Approximate K Nearest Neighbor (AKNN) algorithms play a pivotal role in various AI applications, including information retrieval, computer vision, and natural language processing. Although numerous AKNN algorithms and benchmarks have been developed recently to evaluate their effectiveness, the dynamic nature of real-world data presents significant challenges that existing benchmarks fail to address.
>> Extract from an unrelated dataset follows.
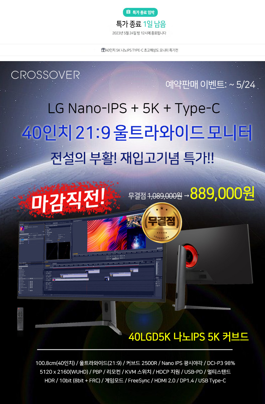 마감임박! D-1: 889,000원, 40인치 LG 21:9 5K 나노IPS 커브드 패널 적용 크로스오버 무결점 모니터 특가

Traditional benchmarks primarily assess retrieval effectiveness in static contexts and often overlook update efficiency, which is crucial for handling continuous data ingestion. This limitation results in an incomplete assessment of an AKNN algorithms ability to adapt to changing data patterns, thereby restricting insights into their performance in dynamic environments. To address these gaps, we introduce CANDY, a benchmark tailored for Continuous Approximate Nearest Neighbor Search with Dynamic Data Ingestion. CANDY comprehensively assesses a wide range of AKNN algorithms, integrating advanced optimizations such as machine learning-driven inference to supplant traditional heuristic scans, and improved distance computation methods to reduce computational overhead. Our extensive evaluations across diverse datasets demonstrate that simpler AKNN baselines often surpass more complex alternatives in terms of recall and latency. These findings challenge established beliefs about the necessity of algorithmic complexity for high performance. Furthermore, our results underscore existing challenges and illuminate future research opportunities. We have made the datasets and implementation methods available at: https://github.com/intellistream/candy.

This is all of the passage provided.